- _YOUR GOAL_: Starting at the line that contains "There are so", return every line through the end of the data exactly, without pictures.

Start of MATERIAL FOR THE TASK

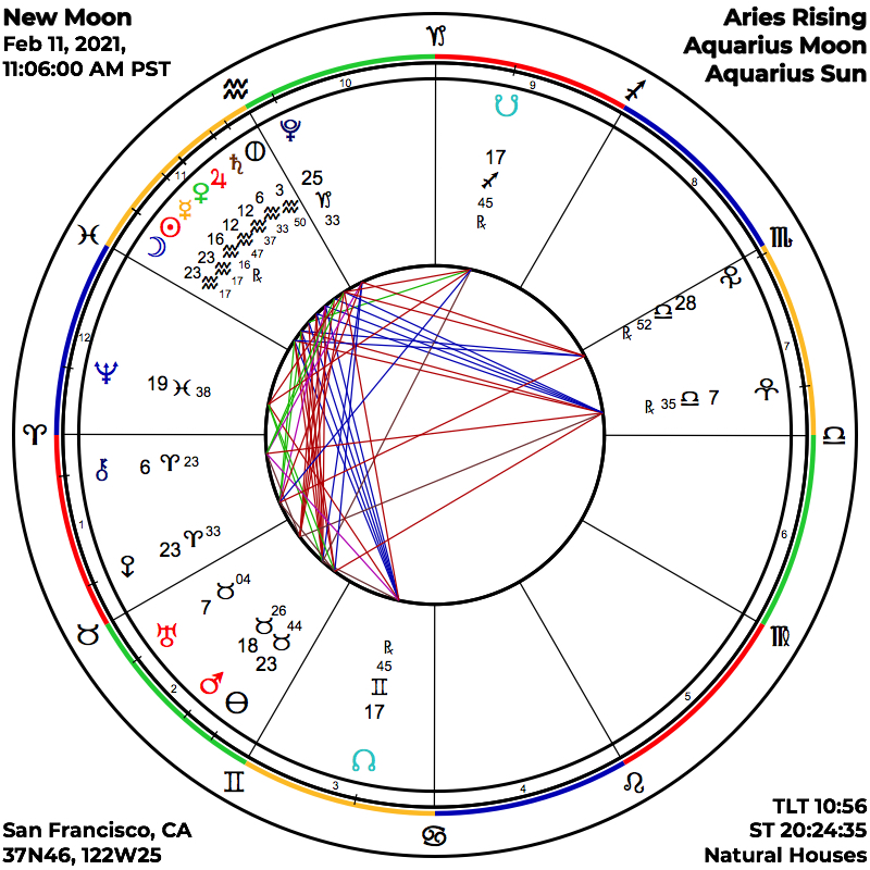 The Sabian Symbol for this New Moon degree, the 24th of Aquarius (23 +) may be helpful. It is: “A man turns his back on his passions, to teach from his experience.” Along with the Aquarian emphasis, this degree symbol for the New Moon signals another grace note for an essential modicum of reason over unreasoned emotion, in forging further forward toward solving our most pressing personal and societal problems.
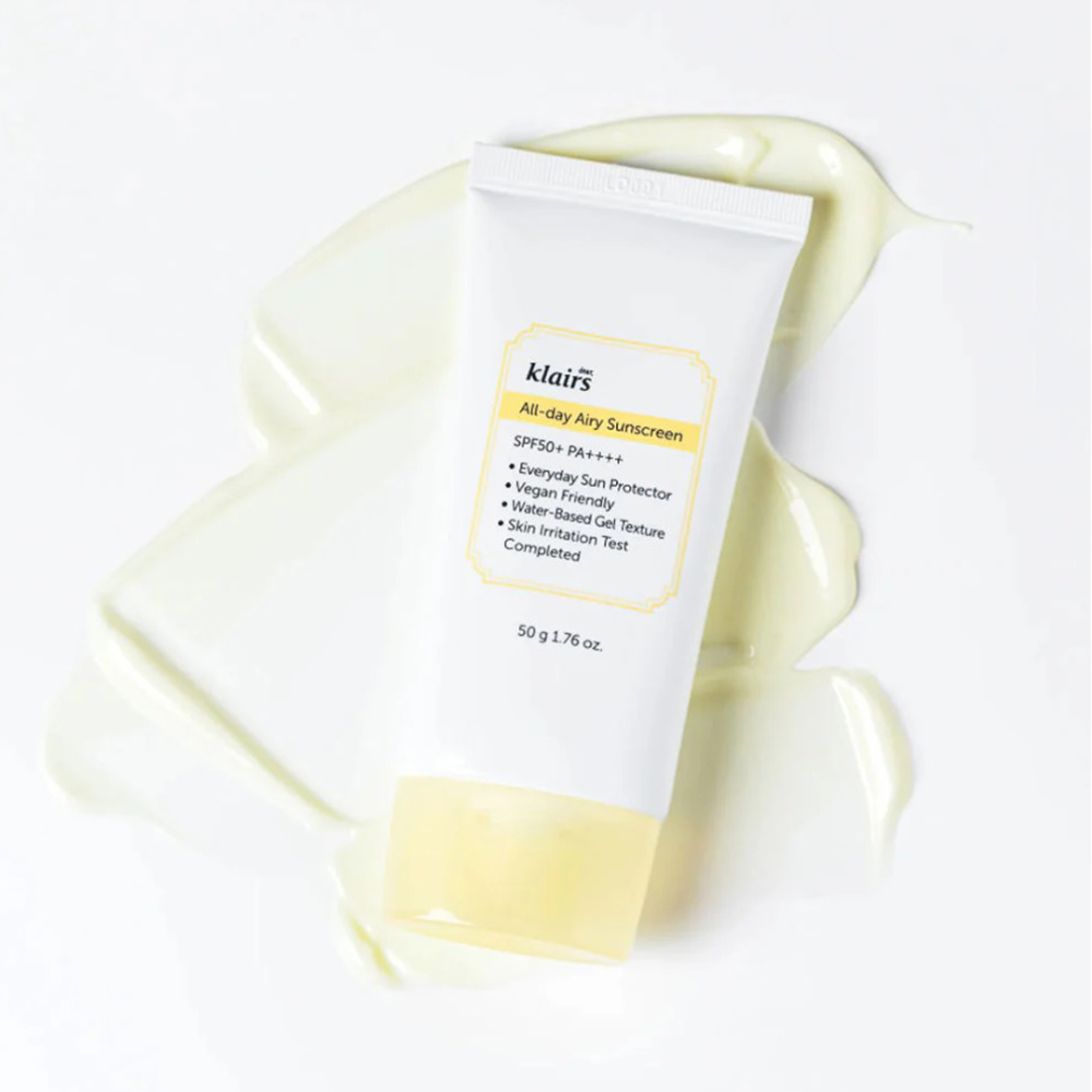 Klairs All-Day Airy Sunscreen SPF50+ protegge la pelle dai raggi UVA e UVB. Texture leggera, senza profumo e non appiccicosa, ideale per pelli sensibili . Ottima come base idratante per il trucco.
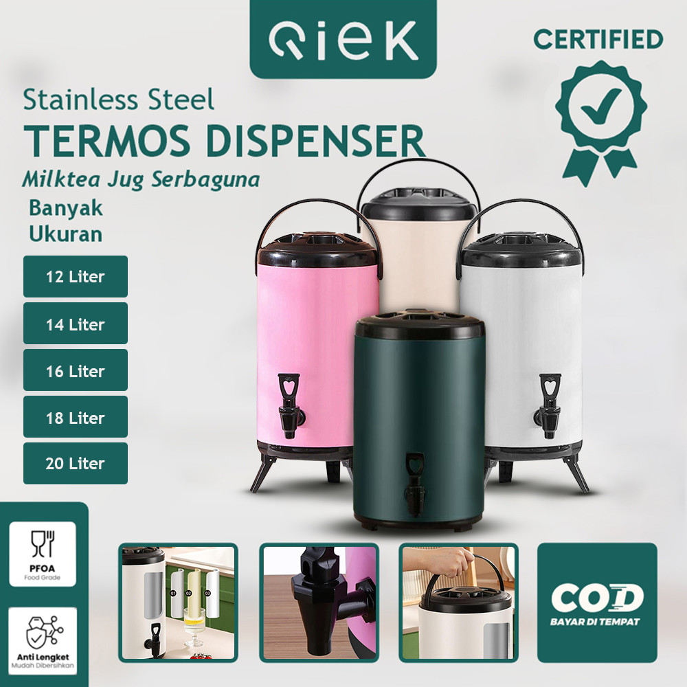 Qiek Termos Air Panas 12L 14L 16L 18L 20L Dispenser Stainless Steel Milk Tea Bucket Termos Air Milk Tea
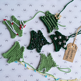 There are so many coloured and textured yarns, experiment with stash and scraps you may already have. A fast little knit that you can decorate and embellish or leave as it is. I made some yarn “tinsel” to wrap around the tree and used little star buttons, use whatever you have to personalise them. Pattern uses DK (8ply) yarn and 3.5mm needles.
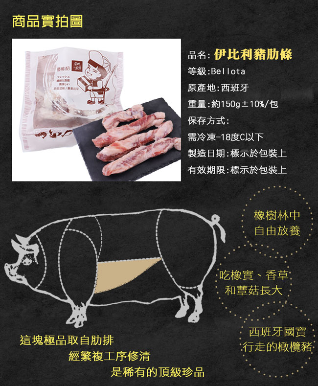 .商品名稱:橡實果Bellota伊比利豬肋條1包(150g/包)-任選
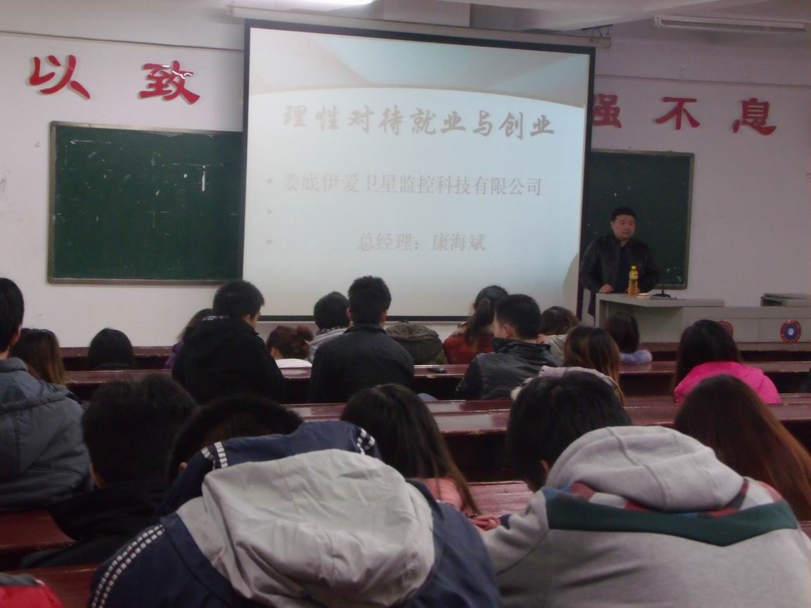 针对即将迈向社会的大三学子们对自己未来之路的迷茫,12月3日,财贸系邀请了娄底伊爱工程工星监控科技有限公司的总经理康海斌在主教楼310室与同学们进行了座谈。专业老师陈智雄、刘卫国和辅导员谢忆老师及10市营与10市订班全体同学参加了此次交流。
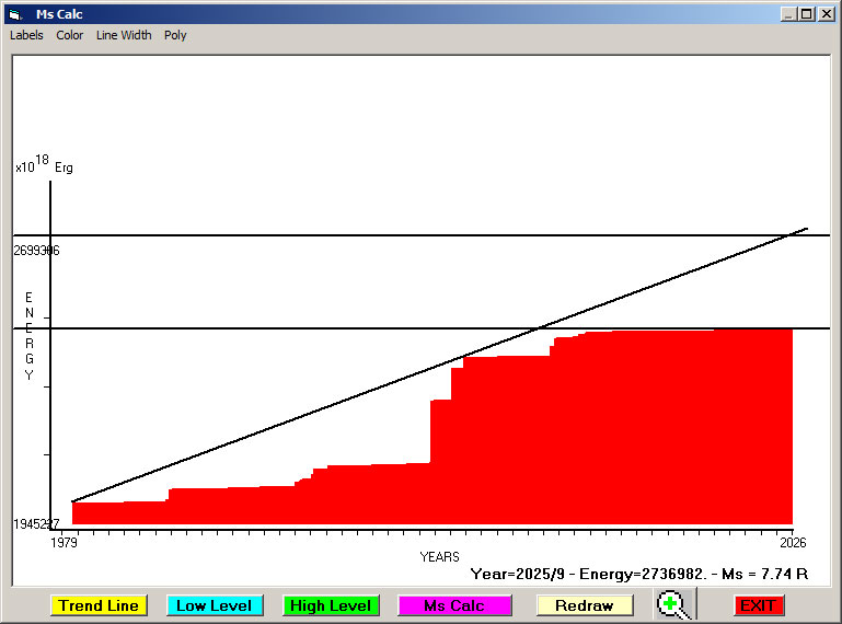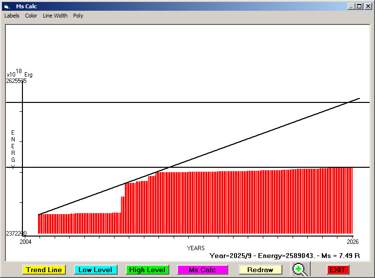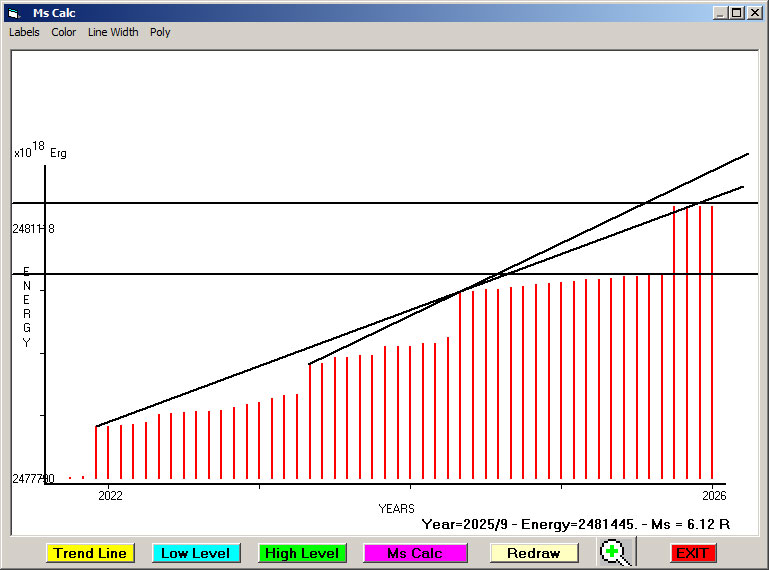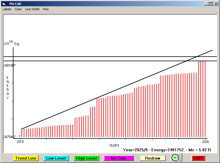Fig. 11. Expected EQ magnitude due to application of the LSEFM (Lithospheric Seismic Energy Flow Model) on past (since 2022-2023) seismic history of the regional seismogenic area.
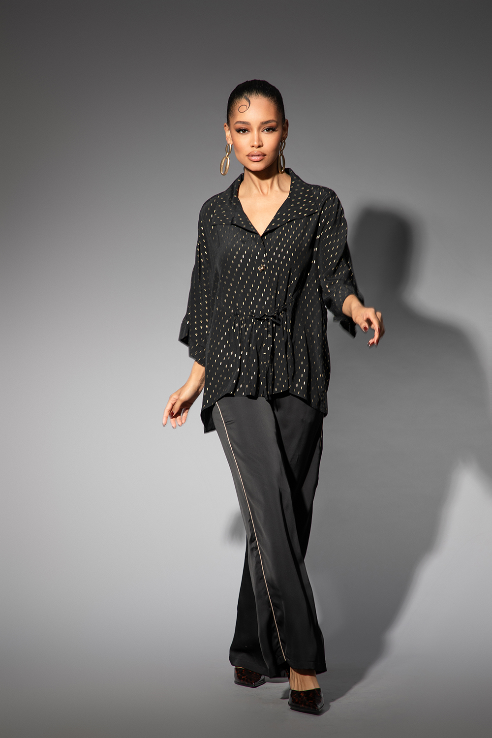 Елегантен панталон от приятна материя в черно. Свободен силует с широк крачол и тънък кант встрани. Два джоба и колан-ластик за по-голям комфорт.
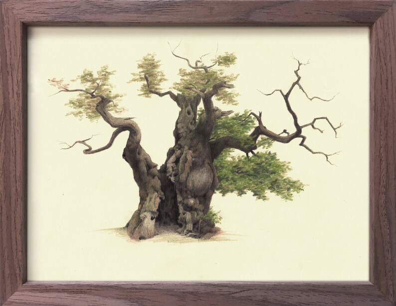 Old Oak Drawing Handmade Realistic Drawing Nature Art Crayons Oak Tree
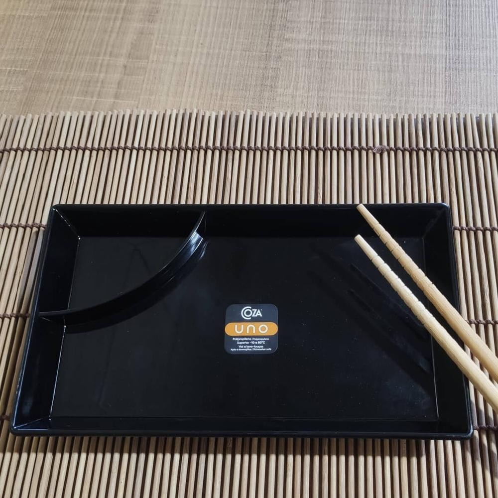 Kit 6 Pratos para Sushi Comida Japonesa Oriental com Porta Shoyu Preto Uno Coza Garantia: 90 dias / Peso: 564g / Cor predominante: Preto / Ref: 7798138183933 Dimensões de cada prato: 19,5cm (C) x 11,2cm (L) x 2,5cm (A); Material: Polipropileno; Possui compartimento para molho shoyu; Conteúdo: 6 pratos. Cuidados: - Suporta temperaturas de -10 a 80°C; - Lavar com esponja macia e sabão neutro; - Não usar produtos abrasivos; - Pode ir à lava-louças. A linha Uno foi criada pensando nos pratos da culinária oriental. Esse conjunto de pratos para comida japonesa possui compartimento para molho shoyu, tornando-o ainda mais funcional. O design sofisticado surpreenderá seus convidados, além de trazer um diferencial à sua mesa posta. Este kit de 6 pratos para comida oriental é de fácil limpeza, pois seu material é resistente e compatível com lava-louças. Tenha qualidade e sofisticação ao servir com esse prato para sushi.

End of MATERIAL FOR THE TASK

- _FINAL ANSWER_:
 There are so many coloured and textured yarns, experiment with stash and scraps you may already have. A fast little knit that you can decorate and embellish or leave as it is. I made some yarn “tinsel” to wrap around the tree and used little star buttons, use whatever you have to personalise them. Pattern uses DK (8ply) yarn and 3.5mm needles.
 .商品名稱:橡實果Bellota伊比利豬肋條1包(150g/包)-任選
 针对即将迈向社会的大三学子们对自己未来之路的迷茫,12月3日,财贸系邀请了娄底伊爱工程工星监控科技有限公司的总经理康海斌在主教楼310室与同学们进行了座谈。专业老师陈智雄、刘卫国和辅导员谢忆老师及10市营与10市订班全体同学参加了此次交流。
Fig. 11. Expected EQ magnitude due to application of the LSEFM (Lithospheric Seismic Energy Flow Model) on past (since 2022-2023) seismic history of the regional seismogenic area.
 Елегантен панталон от приятна материя в черно. Свободен силует с широк крачол и тънък кант встрани. Два джоба и колан-ластик за по-голям комфорт.
 Old Oak Drawing Handmade Realistic Drawing Nature Art Crayons Oak Tree
 Kit 6 Pratos para Sushi Comida Japonesa Oriental com Porta Shoyu Preto Uno Coza Garantia: 90 dias / Peso: 564g / Cor predominante: Preto / Ref: 7798138183933 Dimensões de cada prato: 19,5cm (C) x 11,2cm (L) x 2,5cm (A); Material: Polipropileno; Possui compartimento para molho shoyu; Conteúdo: 6 pratos. Cuidados: - Suporta temperaturas de -10 a 80°C; - Lavar com esponja macia e sabão neutro; - Não usar produtos abrasivos; - Pode ir à lava-louças. A linha Uno foi criada pensando nos pratos da culinária oriental. Esse conjunto de pratos para comida japonesa possui compartimento para molho shoyu, tornando-o ainda mais funcional. O design sofisticado surpreenderá seus convidados, além de trazer um diferencial à sua mesa posta. Este kit de 6 pratos para comida oriental é de fácil limpeza, pois seu material é resistente e compatível com lava-louças. Tenha qualidade e sofisticação ao servir com esse prato para sushi.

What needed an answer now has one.